→ **WORK ORDER**
Retype each entry below exactly. Do not carry any image over.

→ **INFORMATION SHOWN**
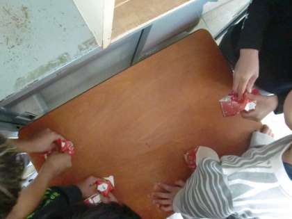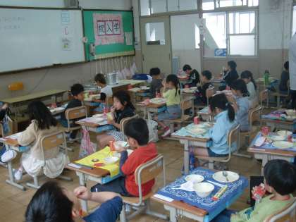今日の給食は、パンとクリームシチュー。たくさん食べて、食缶は空っぽです。牛乳パックも上手に開いて洗える子どもたちが増えてきました。
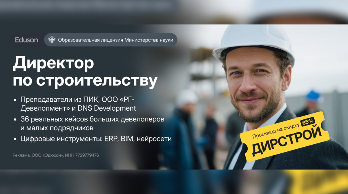 Кто сам руководил хотя бы одним объектом, знает: тут тебе и сметы, и подрядчики, и технадзор, и заказчик с претензиями. Ошибся в одном — встал весь процесс. Чтобы держать проект под контролем, нужна система — от планирования до ввода объекта в эксплуатацию. Научитесь уверенно управлять процессами на курсе «Директор по строительству» от Академии Эдюсон. Кому подойдет: • специалисту с опытом в строительстве или прорабу, который хочет двигаться вверх; • руководителю проекта, который тянет всё на себе; • смежнику, который хочет перейти в сферу строительства; • собственнику, который хочет роста прибыли и прогнозируемый результат. В программе: 36 реальных кейсов больших девелоперов и малых подрядчиков, преподаватели из ПИК, ООО «РГ-Девелопмент» и DNS Development, цифровые инструменты (ERP, BIM, нейросети) и шаблоны для экономии времени. Академия лицензирована — вы получите диплом о профпереготовке с занесением в ФРДО и сможете официально подтвердить квалификацию работодателю + вернёте 13% ст
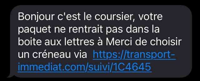 🚹 Un faux message circule actuellement, prĂ©tendant venir d’un livreur ou coursier indiquant que votre colis ne rentrait pas dans la boĂźte aux lettres, avec un lien du type :
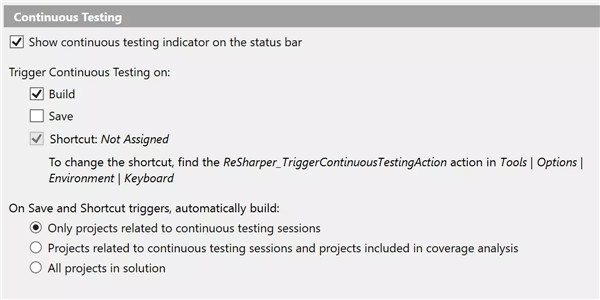 现在,可以使用快捷键直接触发持续测试。 此前,只能通过构建或保存项目来间接执行此操作。 这项功能在带有 ReSharper 的 Visual Studio 和 JetBrains Rider 中均可使用。
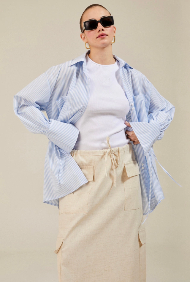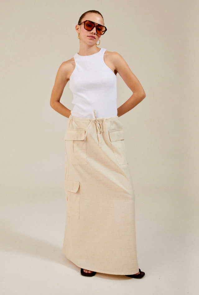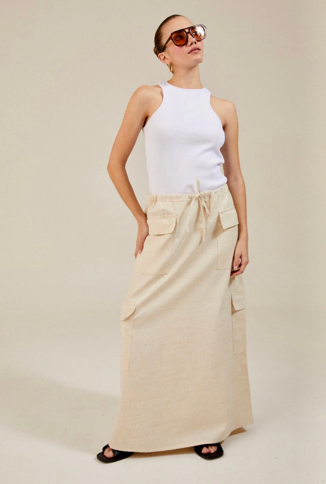 DESCRIPCIÓN: Falda larga con corte recto confeccionada en lino mezcla. Es una falda al estilo cargo, multibolsillos con tapa en los laterales. La cintura es amplia y posee cordón, cuyo fin es permitirte usar la falda con el tiro que desees.
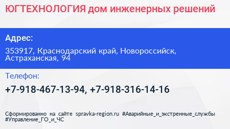 ЮГТЕХНОЛОГИЯ, дом инженерных решений по адресу 353917, Краснодарский край, Новороссийск, Астраханская, 94 в дальнейшем Организация, размещена в следующих категориях:
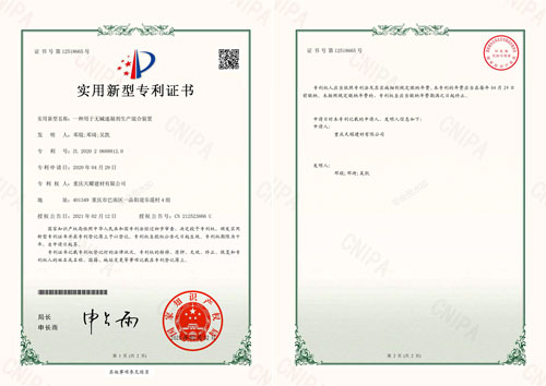 重慶天耀建材有限公司榮獲多項(xiàng)專(zhuān)利證明

→ **FINISHED TASK**
今日の給食は、パンとクリームシチュー。たくさん食べて、食缶は空っぽです。牛乳パックも上手に開いて洗える子どもたちが増えてきました。
 Кто сам руководил хотя бы одним объектом, знает: тут тебе и сметы, и подрядчики, и технадзор, и заказчик с претензиями. Ошибся в одном — встал весь процесс. Чтобы держать проект под контролем, нужна система — от планирования до ввода объекта в эксплуатацию. Научитесь уверенно управлять процессами на курсе «Директор по строительству» от Академии Эдюсон. Кому подойдет: • специалисту с опытом в строительстве или прорабу, который хочет двигаться вверх; • руководителю проекта, который тянет всё на себе; • смежнику, который хочет перейти в сферу строительства; • собственнику, который хочет роста прибыли и прогнозируемый результат. В программе: 36 реальных кейсов больших девелоперов и малых подрядчиков, преподаватели из ПИК, ООО «РГ-Девелопмент» и DNS Development, цифровые инструменты (ERP, BIM, нейросети) и шаблоны для экономии времени. Академия лицензирована — вы получите диплом о профпереготовке с занесением в ФРДО и сможете официально подтвердить квалификацию работодателю + вернёте 13% ст
 🚹 Un faux message circule actuellement, prĂ©tendant venir d’un livreur ou coursier indiquant que votre colis ne rentrait pas dans la boĂźte aux lettres, avec un lien du type :
 现在,可以使用快捷键直接触发持续测试。 此前,只能通过构建或保存项目来间接执行此操作。 这项功能在带有 ReSharper 的 Visual Studio 和 JetBrains Rider 中均可使用。
 DESCRIPCIÓN: Falda larga con corte recto confeccionada en lino mezcla. Es una falda al estilo cargo, multibolsillos con tapa en los laterales. La cintura es amplia y posee cordón, cuyo fin es permitirte usar la falda con el tiro que desees.
 ЮГТЕХНОЛОГИЯ, дом инженерных решений по адресу 353917, Краснодарский край, Новороссийск, Астраханская, 94 в дальнейшем Организация, размещена в следующих категориях:
 重慶天耀建材有限公司榮獲多項(xiàng)專(zhuān)利證明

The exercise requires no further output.